• Problem requirements
Print only the lines below from the one with "Sandalias de cuña" to the one with "наружном кольце. |", both included, exactly as they stand. Leave pictures out.

• The input
:::::

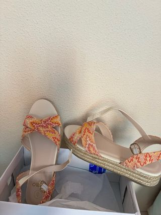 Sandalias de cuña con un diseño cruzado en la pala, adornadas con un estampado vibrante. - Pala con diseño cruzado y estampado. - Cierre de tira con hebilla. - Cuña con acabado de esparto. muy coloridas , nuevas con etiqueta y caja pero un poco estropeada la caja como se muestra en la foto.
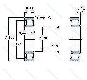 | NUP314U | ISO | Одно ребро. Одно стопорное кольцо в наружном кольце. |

:::::

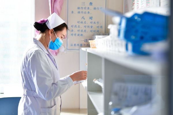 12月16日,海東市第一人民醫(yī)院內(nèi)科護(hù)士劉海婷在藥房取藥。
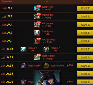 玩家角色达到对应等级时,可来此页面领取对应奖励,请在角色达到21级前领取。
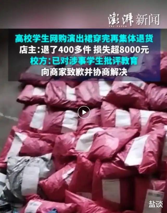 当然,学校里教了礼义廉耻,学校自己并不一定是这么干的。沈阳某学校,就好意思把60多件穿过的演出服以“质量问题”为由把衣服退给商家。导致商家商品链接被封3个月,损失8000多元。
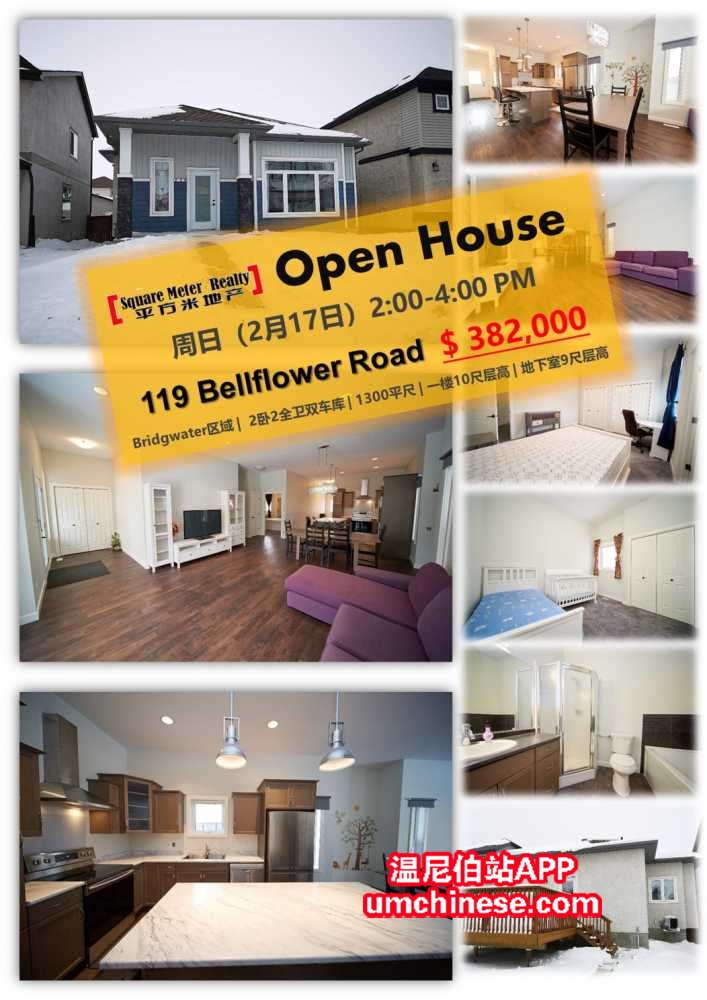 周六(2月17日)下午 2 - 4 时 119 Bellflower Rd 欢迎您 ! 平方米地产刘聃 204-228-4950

:::::

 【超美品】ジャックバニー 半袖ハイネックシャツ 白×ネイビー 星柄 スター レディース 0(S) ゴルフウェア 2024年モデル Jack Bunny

:::::

• Output below
 Sandalias de cuña con un diseño cruzado en la pala, adornadas con un estampado vibrante. - Pala con diseño cruzado y estampado. - Cierre de tira con hebilla. - Cuña con acabado de esparto. muy coloridas , nuevas con etiqueta y caja pero un poco estropeada la caja como se muestra en la foto.
 | NUP314U | ISO | Одно ребро. Одно стопорное кольцо в наружном кольце. |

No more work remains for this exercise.